From the June 16, 2008 issue of Canadian Business magazine
U.S. President George W. Bush recently sparked an international fight over fat, after attributing global inflation in food prices to Indians’ eating more. “There are 350 million people in India who are classified as middle class. When you start getting wealth, you start demanding better nutrition and better food,” Bush said during a question-and-answer session in Missouri on May 2. “Demand is high, and that causes the price to go up.”
On one point, Bush is right. According to a World Bank report released April 9, food prices have risen 83% in the past three years. That has provoked riots in Asia, price controls on tortillas in Mexico, and rationing of rice sales in the U.S.
Pradeep S. Mehta, secretary general of the Consumer Unity & Trust Society International, a think-tank in India, quickly weighed in with his own analysis. The food problem has “clearly” been created by Americans: they consume 50% more calories than Indians do, he told the International Herald Tribune on May 12. If Americans were more the size of an average middle-class Indian, he added, “many hungry people in sub-Saharan Africa would find food on their plates.”
To imply that tubby Americans or ravenous Indians chowing their way up the food chain are somehow responsible for inflation on the scale we now see is absurd. However, the Bush versus Mehta fight illustrates a larger point. Policy-makers need to think more intelligently about food and energy policies, particularly the notion underpinning biofuel policy — that farmland should be used to grow fuel. Both the International Monetary Fund and the World Bank have published reports that single out biofuel policies as culprits in the spike in food prices. In April, an expert panel commissioned by the European Union to study the issue called for the EU to freeze its 10% biofuel quota “immediately.”
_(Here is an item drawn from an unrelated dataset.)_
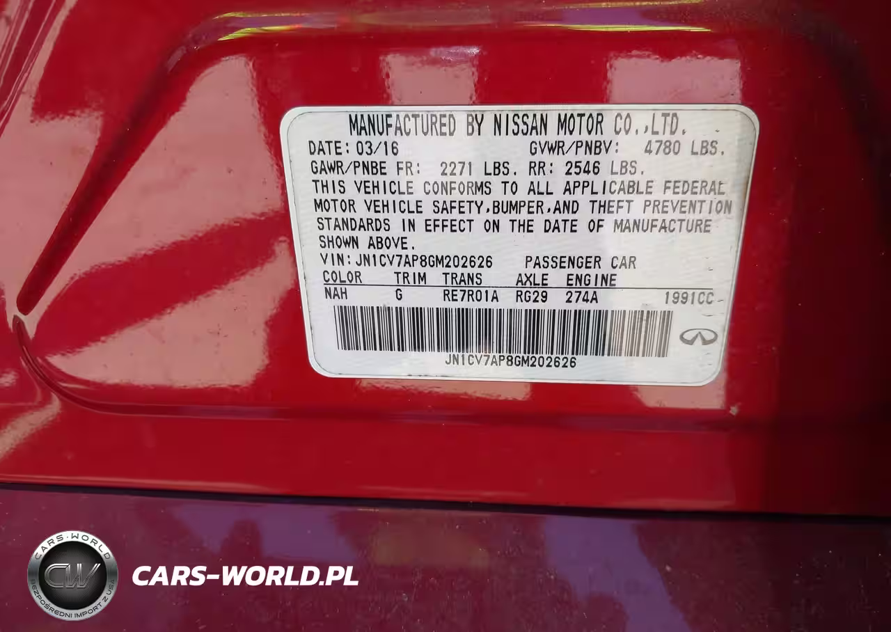 IAAI Nr: I-44662447 VIN: JN1CV7AP8GM202626 Port: Savannah, GA

In Canada, we’re marching in precisely the opposite direction. The federal Conservatives plan to spend $2.2 billion promoting biofuels over the next nine years. Meanwhile, parliamentarians debate Bill C-33, legislation that would mandate 5% biofuel in gasoline in Canada from 2010. It sailed through a first vote on May 1, with support from the Bloc and the Liberals. It awaits a final vote and Senate approval. Before it gets there, though, policy-makers should stop to consider whether enshrining demand for biofuels in law is any smarter than Bush’s fat fight.